TIA Subcommittee approves ANSI/TIA-942-A-1, addendum to data center cabling standard

Feb. 7, 2013
TR-42.1 has recommended that TR-42 approve publication of specifications dealing with data center fabrics.

At this week’s meeting of the Telecommunications Industry Association’s (TIA) Engineering Committee TR-42 Telecommunications Cabling Systems, Subcommittee TR-42.1 Commercial Building Telecommunications Cabling agreed to recommend the approval for publication of the first addendum to standard ANSI/TIA-942-A Telecommunications Infrastructure Standard for Data Centers.

The formality of the approval process includes TR-42 accepting the recommendation from TR-42.1 and approving the addendum for publication. A two-week editorial review is followed by a publication authorization. Sometime after the authorization is issued, formal TIA and ANSI procedural steps are completed and the document is available for publication. Those procedural steps frequently take a couple months.

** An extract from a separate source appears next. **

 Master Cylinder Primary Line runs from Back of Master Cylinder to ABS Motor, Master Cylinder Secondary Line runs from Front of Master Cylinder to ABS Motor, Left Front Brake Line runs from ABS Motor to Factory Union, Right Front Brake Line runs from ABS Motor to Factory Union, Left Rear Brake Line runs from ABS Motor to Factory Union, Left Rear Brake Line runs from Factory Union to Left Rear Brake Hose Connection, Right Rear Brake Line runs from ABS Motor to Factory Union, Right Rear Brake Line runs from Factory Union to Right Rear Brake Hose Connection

As we previously reported, the first addendum to ANSI/TIA-942-A addresses guidelines for what are known as data center fabrics. The need for such fabrics, and some standardized specifications for them, has emerged in large part because of the proliferation of cloud computing environments as they exist in data centers as well as the inherent connection between cloud computing and virtualization. The addendum applies the cabling architectures established in ANSI/TIA-942-A to data center fabrics.

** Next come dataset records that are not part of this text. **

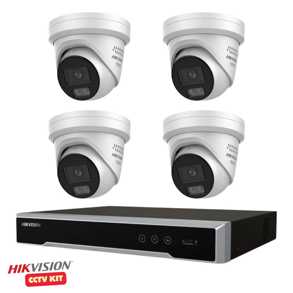 Hikvision 4 Channel M Series 4TB NVR with 4 x 4K 8 Megapixel ColorVu 3.0 LiveGuard Turret Cameras 2.8mm Lens
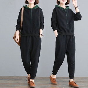 大きいサイズの女装の洋気は年齢を減らして腹を覆います帽子の長袖のスーツの春秋の新型の太ったmm200斤はやせている2つのセットを現します。
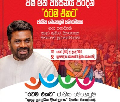 වැඩි විස්තරජනපති අනුර ගේ ප්රධානත්වයෙන් අද දවසේ මෙරට මුහුණ දී සිටින ජාතික ව්යසනයක් වන විෂ මත්ද්රව්ය උවදුර තුරන් කිරීම ඉලක්ක කර ගත් ජාතික වැඩසටහනක් ක්රිය
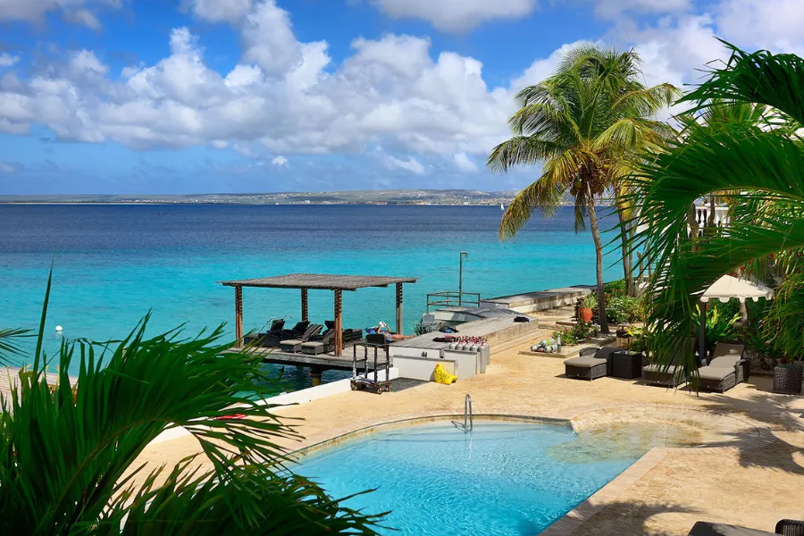 Located in the Belnem neighborhood of Kralendijk’s Punt Vierkant, Belmar Oceanfront Apartments are a diver’s paradise. They're also just a short ride away from Te Amo Beach, Pink Beach, Lac Bay, and the Donkey Sanctuary. Perched right on the water, this stylish Caribbean accommodation provide stunning ocean views and direct access to Bonaire’s incredible underwater world.
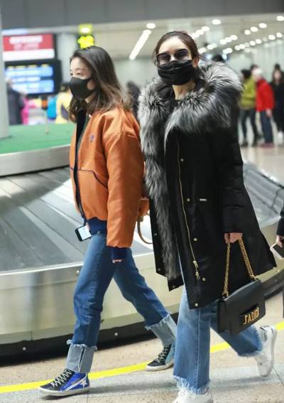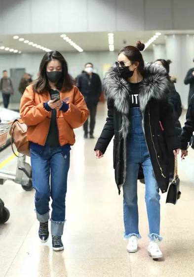 赵丽颖和张雪迎同时现身北京机场,赵丽颖穿背带牛仔秒变少女
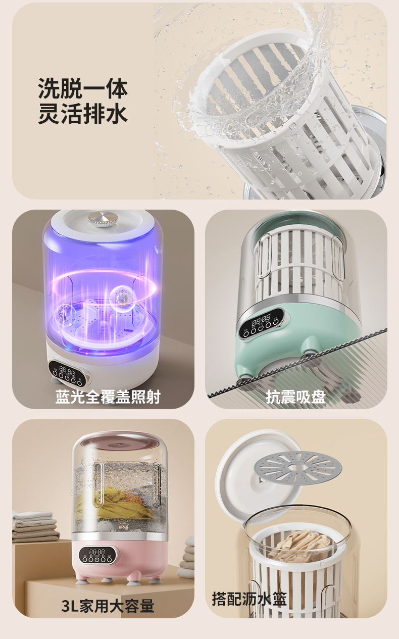 2025免安装迷你内衣洗衣机洗袜子内裤一体机小型无线便携充电甩干
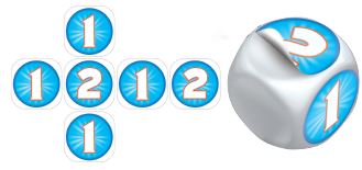 Place the 6 circle stickers on the die as shown in the illustration.
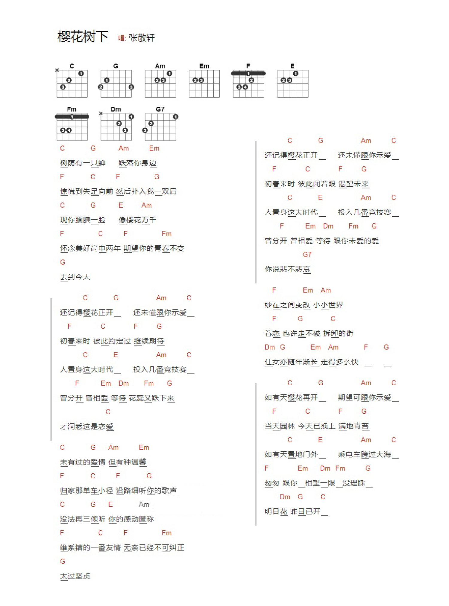 樱花树下吉他谱 - 张敬轩 - 吉他弹唱谱 - 和弦谱
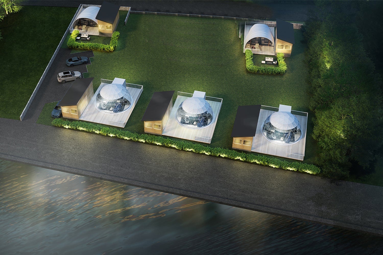 2021年8月オープンのグランピング施設。海の向こうには瀬戸内の島々も眺められる絶好のロケーションに位置する全7棟のドーム型テントは、2ベッドタイプ、4ベッドタイプ、ラグジュアリー4ベッドタイプの3タイプをご用意しております。
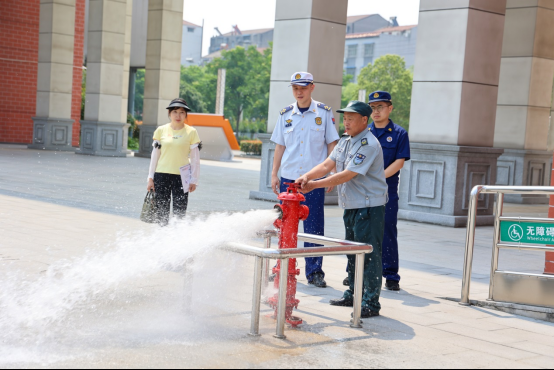襄陽消防監督員測試教學樓周邊消火栓水壓 劉旭/攝

While we are not certain of the completed addendum’s exact wording, an early draft addressed data center architectures and traffic flow as follows: “The traditional architecture is well-suited for traffic between servers on the same access switch and from servers to external destinations. However, it isn’t suitable for large virtualized data centers where compute and storage servers may be located anywhere in the data center.” The document then provided examples of alternative switch architectures—or fabrics—that have been put forth within the networking industry. These architectures include models known as “fat tree,” “full mesh” and “centralized switch.” More significantly, the draft addendum addressed the means by which these fabrics can be cabled.